Neuropathic pain is a multifaceted and ubiquitous disease across the globe. Mood disorders, such as anxiety and depression, are frequently observed in patients suffering from neuropathic pain. Both neuropathic pain and comorbid mood disorders seriously impact quality of life. Accumulated evidence shows that activation of the NOD-like receptor protein 3 (NLRP3) inflammasome is involved in the neuroinflammatory pathogenesis of neuropathic pain, anxiety, and depression. However, the role of the NLRP3 inflammasome in the pathological process of anxiety and depression under the neuropathic pain state has not been fully described. Albiflorin, a monoterpene glycoside, may be a potential regulator of the NLRP3 inflammasome, but it is not clear whether albiflorin relates to NLRP3 inflammasome activation.

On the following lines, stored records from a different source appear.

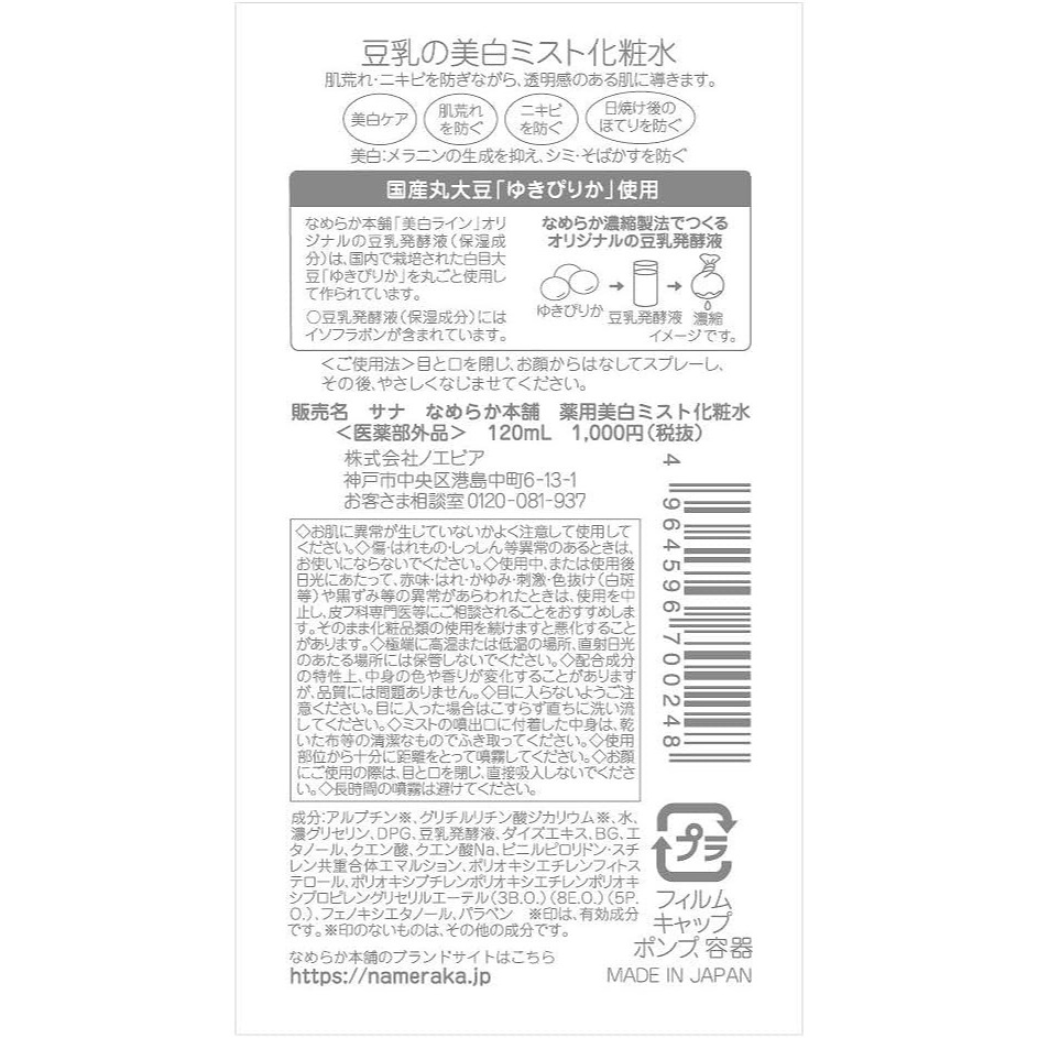 [Whitening / Made in JAPAN] SANA Nameraka Honpo Whitening Mist Lotion Soy milk isoflavone Direct from JAPAN
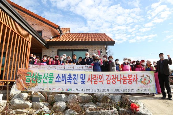 한국여성농업인금산군연합회와 한국농업경영인금산군연합회는 같은 날 사랑의 김장나눔 봉사를 통해 만든 김치 90박스를 군청 주민복지실을 통해 10개 읍·면에 전달했다.
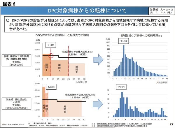 そして、中医協でも重要な論点とされてきたのは、「一般病棟から地域包括ケア病棟に転棟・転室時における入院料の算定方法」だ。つまり、同一病院でDPCを導入する一般病棟内で地域包括ケア病棟に転室した場合「地域包括ケア病棟入院料等」を算定していたが、同一医療機関内で「DPC病棟から地域包括ケア病室に転室」した場合、転室後も「一般病棟(DPC/PDPS)による点数」を算定することが常態化してきた。なぜ、当該病院が「転室後もDPC/PPSによる点数」を算定してきたのかと言うと、「DPCの入院期間がIからIIへと切り替わり、日当点が減額されるタイミング」での地域包括ケア病棟への転棟が圧倒的に多いことが、中医協で明らかになった(図表4~6)。
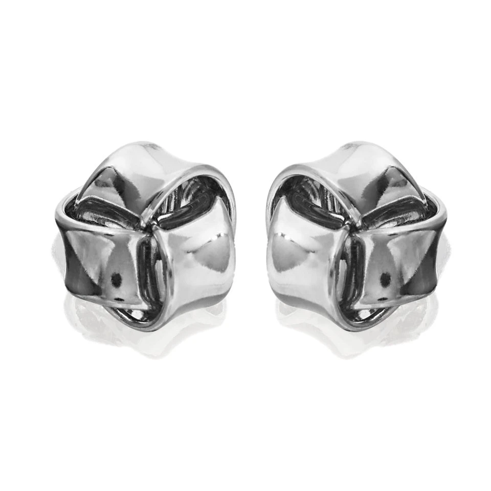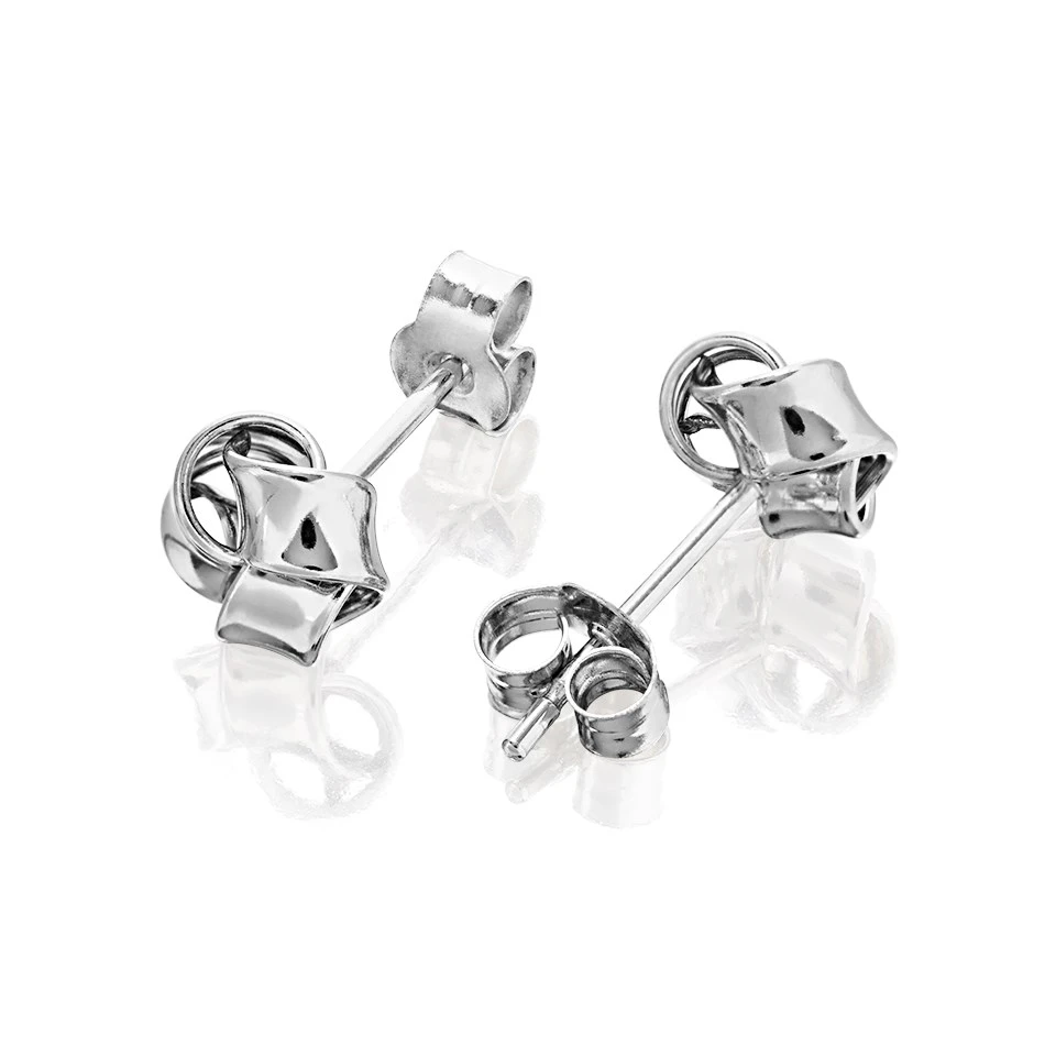 Classic 9ct white gold knot stud earrings. Always fashionable and secured with white gold butterfly fittings. 6mm wide.
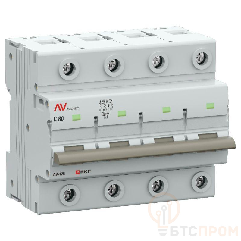 Выключатель автоматический 4п D 80А 10кА AV-125 AVERES EKF mcb125-4-80D-av фото в каталоге от BTSprom.by

We used a systematic pharmacological method to confirm whether the activation of the NLRP3 inflammasome in the hippocampus was involved in the development of neuropathic pain associated with mood disorders and whether albiflorin could be an effective treatment for these symptoms.

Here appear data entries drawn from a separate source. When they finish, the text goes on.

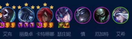 除寒冰厄加特,其他所有卡站第一排,艾克卡特站冰女旁边吃圣杯,对位方面,碰到对面后排主c阵容,艾克和对方主c站同侧,触发潜行者能够飞到后排切c位,碰到挖掘机,克烈,狼人等前排主c阵容,可以直接正面硬刚,因为艾克单挑基本不虚,就算刚不过,触发潜行者艾克还能够飞走。
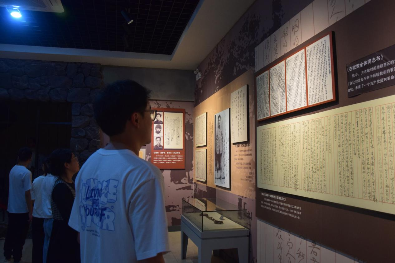 烈士墓前,庄严肃穆,两位党员代表迈着沉重的步伐向方志敏烈士敬献花圈,全体党员在烈士墓前重温了入党誓词。随着讲解员的脚步,大家走进了方志敏烈士文物陈列馆,通过参观展览馆内的生平事迹介绍和相关图片资料,再一次感受到了方志敏烈士为共产主义献身的钢铁般意志、坚贞不屈的革命气节和勇于牺牲的担当精神。
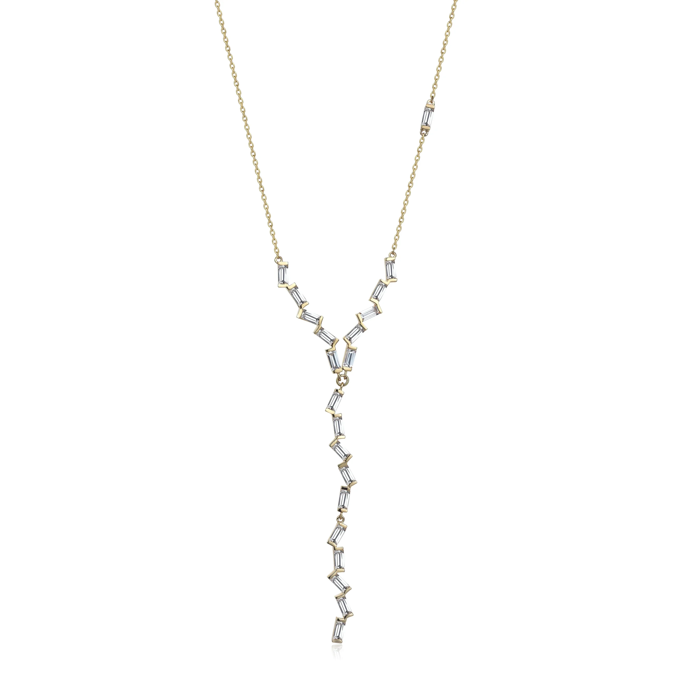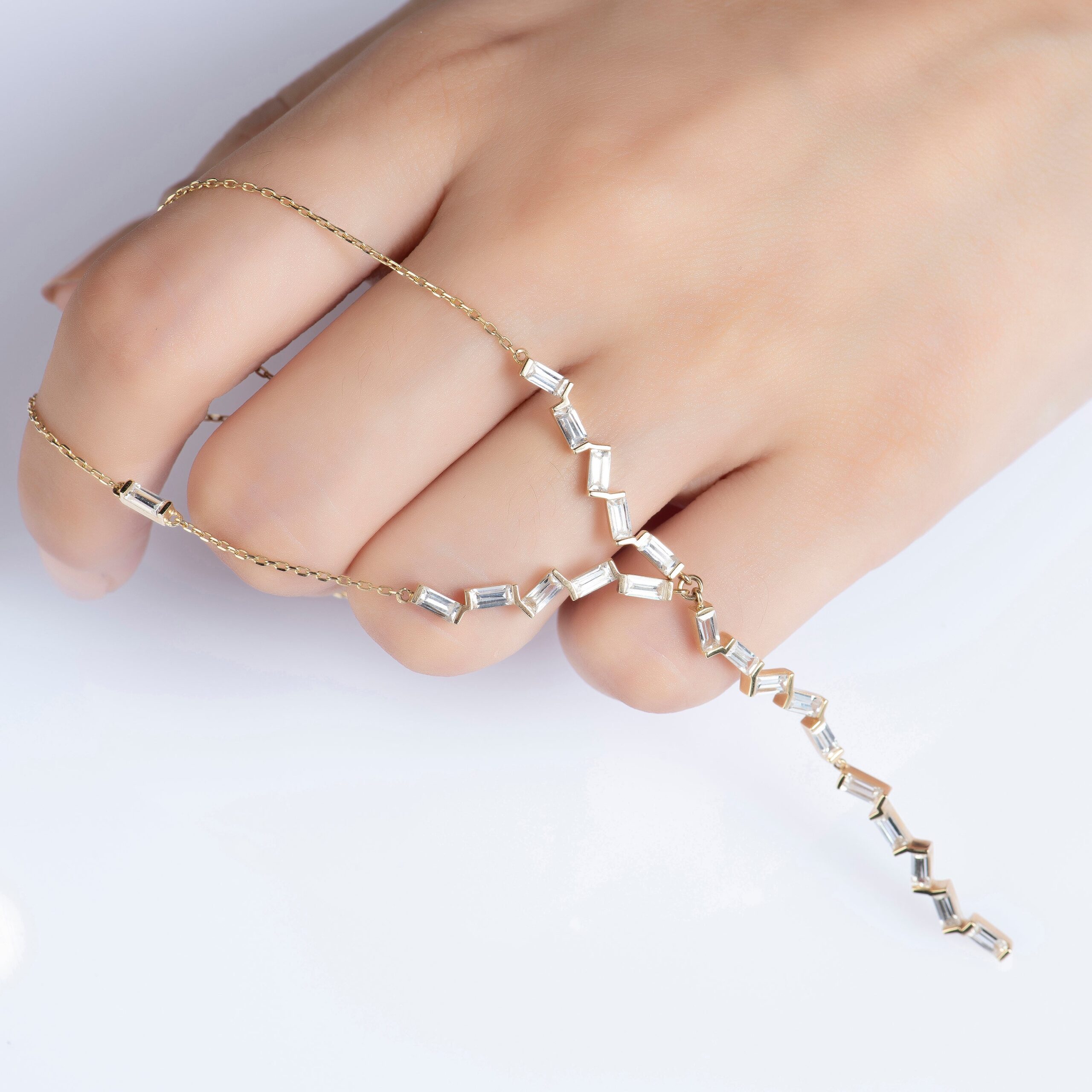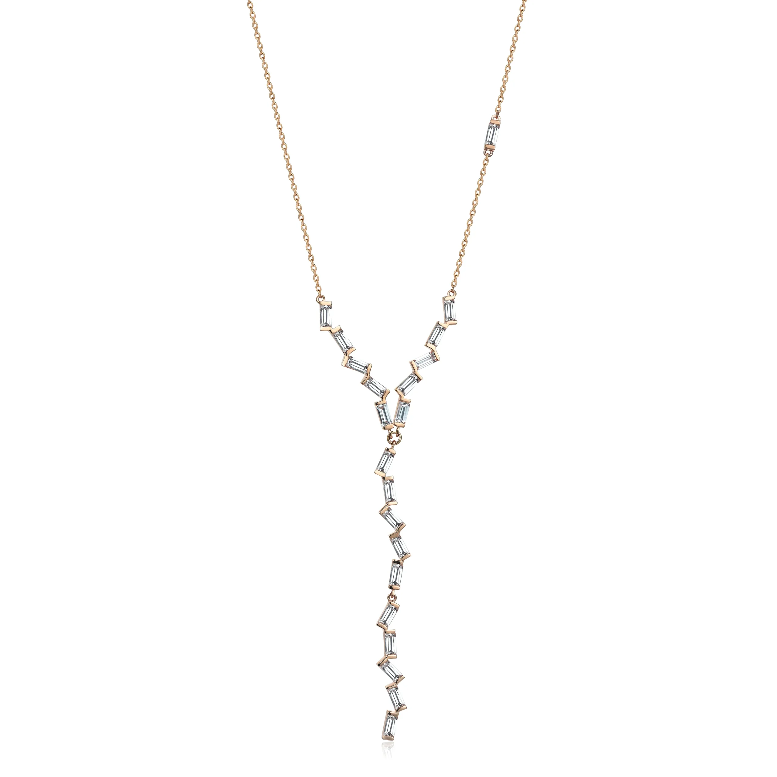 14 ayar altından tasarlanan Bagetto Zigzag Sallantılı Taşlı Altın Kolye, zarif sallantılı zigzag tasarımı ve parlak AAA+ zirkon taşlarıyla stilinizi ön plana çıkarır. Dinamik zigzag formu, taşların ışıltısıyla birleşerek boyunda modern ve göz alıcı bir duruş sergiler. 5,60 gram ağırlığı ve 43+2 cm uzatmalı zincir uzunluğu ile hem şık hem de konforlu kullanım sağlar. Rose, sarı ve beyaz altın renk seçenekleriyle her tarza mükemmel uyum sunar.

The NLRP3 inflammasome contributed to the neuropathic pain and comorbid anxiety and depression-like behaviors induced by chronic constriction injury of the sciatic nerve, and albiflorin may relieve these symptoms via inhibition of the NLRP3 inflammasome activity. Moreover, albiflorin enhanced the translocation of the nuclear factor erythroid 2-related factor 2 into the nucleus and suppressed nuclear factor-kappa B activity in the hippocampus.

Albiflorin, as a potential therapeutic agent, might greatly improve the overall symptoms of neuropathic pain.